According to the sheriff’s department, “Shortly after the incident, Deputy Mark Ballinger apprehended Bailon near the business. Bailon was arrested and booked at High Desert Detention Center.”
On January 6, Bailon appeared in the Department V-10 in the Victorville Courthouse before Judge Elizabeth Ulsh to be arraigned on two counts of robbery, two counts of assault with a deadly weapon, two counts of burglary and one count of carjacking. Bailon was not cooperative and Judge Ulsh entered not guilty pleas to all seven counts on his behalf.
On January 14, Bailon was brought before Judge Miriam Morton. He requested that he be permitted to represent himself. Judge Morton, stating she did not believe he was sufficiently competent to serve as his own attorney and expressed doubt as to his mental competency overall and ability to assist his appointed council in his own defense. She suspended further criminal proceeding against him and called for his evaluation by two psychiatrists before the case against him could be resumed.
Subsequently, Bailon was transferred to the West Valley Detention Center in Rancho Cucamonga, where Ruiz was also housed.
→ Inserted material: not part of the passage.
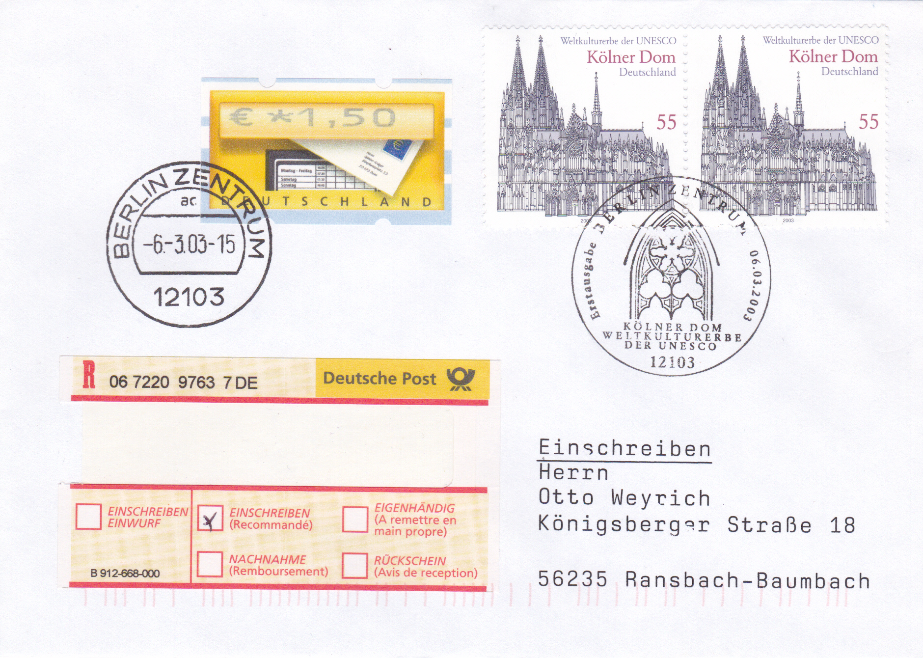 Brief per Übergabe-Einschreiben mit zwei Marken der Serie "UNESCO-Welterbe" der Deutschen Post (MiNr 2329) mit dem Kölner Dom und einer Automatenmarken zu je 1,50 €. Der beiden Marken mit dem Dom wurden mit dem Ersttagsonderstempel Berlin und die Zusatzfrankatur mit einem Tagesstempel Berlin gestempelt. Das Porto beträgt für den Brief bis 20g 55 Cent und die Zusatzleistung Übergabe-Einschreiben 205 Cent, zusammen also 260 Cent.

At West Valley, jailers made a decision to move Bailon out of a large dormitory setting with 12 to 15 inmates to a smaller single cell with two bunks. They placed the five foot-2inch 145 pound Bailon into a cell with the five foot-three inch 135 pound Ruiz, who had been incarcerated consistently since May.
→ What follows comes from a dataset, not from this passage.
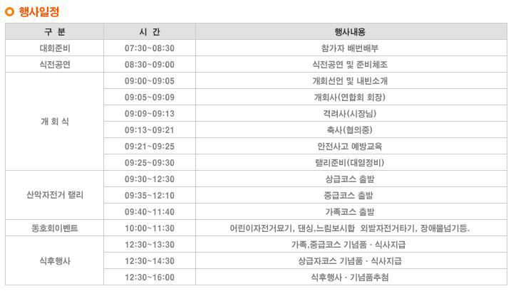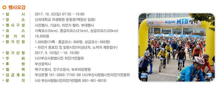 " 제9회 Dynamic Busan 산악자전거 랠리 " 상세내용 안내 작성자부자연 홍보이사|작성시간17.09.17|조회수54 목록 댓글 0 글자크기 작게가 글자크기 크게가 참가신청 ☞ www.busanlovebike.co.kr 다음검색 현재 게시글 추가 기능 열기 북마크 공유하기 신고 센터로 신고 댓글 댓글 0 댓글쓰기 답글쓰기 댓글 리스트

Bailon and Ruiz were in the cell together on January 19. According to reports, the last time Ruiz was positively seen alive by staff was around 9:35 p.m. According to the sheriff’s department’s policy lockdown occurs between 9:50 and 9:55 for counts to take place and lights are dimmed around 10:00 p.m. for the night. PM for the night.
It is reported that at 11:12 p.m., deputies found Ruiz “unconscious with obvious trauma,” according to the sheriff’ department.
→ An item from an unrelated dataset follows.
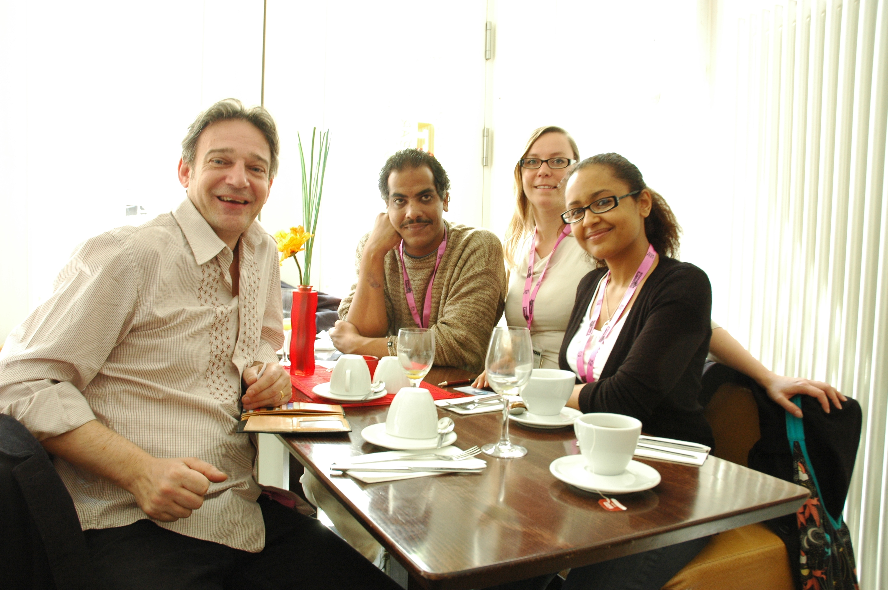 Julian Cole (Regisseur WITH GILBERT & GEORGE), Tital Afifi Mahmoud (Goethe-Institut Besucherprogramm), Kerstin Dibbelt (Goethe-Institut Besucherprogramm) und Issra El-Kogali (Goethe-Institut Besucherprogramm) / Copyright DOK.FEST-Maren Bornemann

Both deputies and jail medical staff applied lifesaving efforts, whereafter Ruiz was transported to a nearby hospital. He was pronounced dead the on January 20.
Detectives with the sheriff’s specialized investigations division’s homicide detail were dispatched to the jail. They determined found that Ruiz had been in a physical altercation with the 12-year-younger Bailon. It is not known how long Ruiz was unconscious before he was found unresponsive. It is believed but not confirmed that he sustained trauma at various portions of his torso and head by being slammed into the concrete floor, perhaps as many as eight times after he was unconscious.
An autopsy will determine the official cause and manner of death.
Bailon has since been supplementally booked for murder.
There are multiple issues to be explored in the yet unfolding investigation into Ruiz’s death.
At issue is why Ruiz and Bailon, both of whom were known to be volatile and violent, were housed together and unsupervised for hours.
According to staff, the department has standards and regulations at West valley and its other jails which, while well-intentioned, are unrealistic in that they do not match the reality of the facility.
Jailers are supposed to make face-to-face contact with each inmate once per hour, but doing so at night while they are asleep between 10 p.m. lights out and 5:45 a.m. wake-up, would interrupt the inmates’ sleeping and sleep patterns.
West Valley, with a bed capacity of 3,347, is overseen by Captain Michael Martinez.
California requires law enforcement agencies to report all deaths in custody under California Government Code § 12525.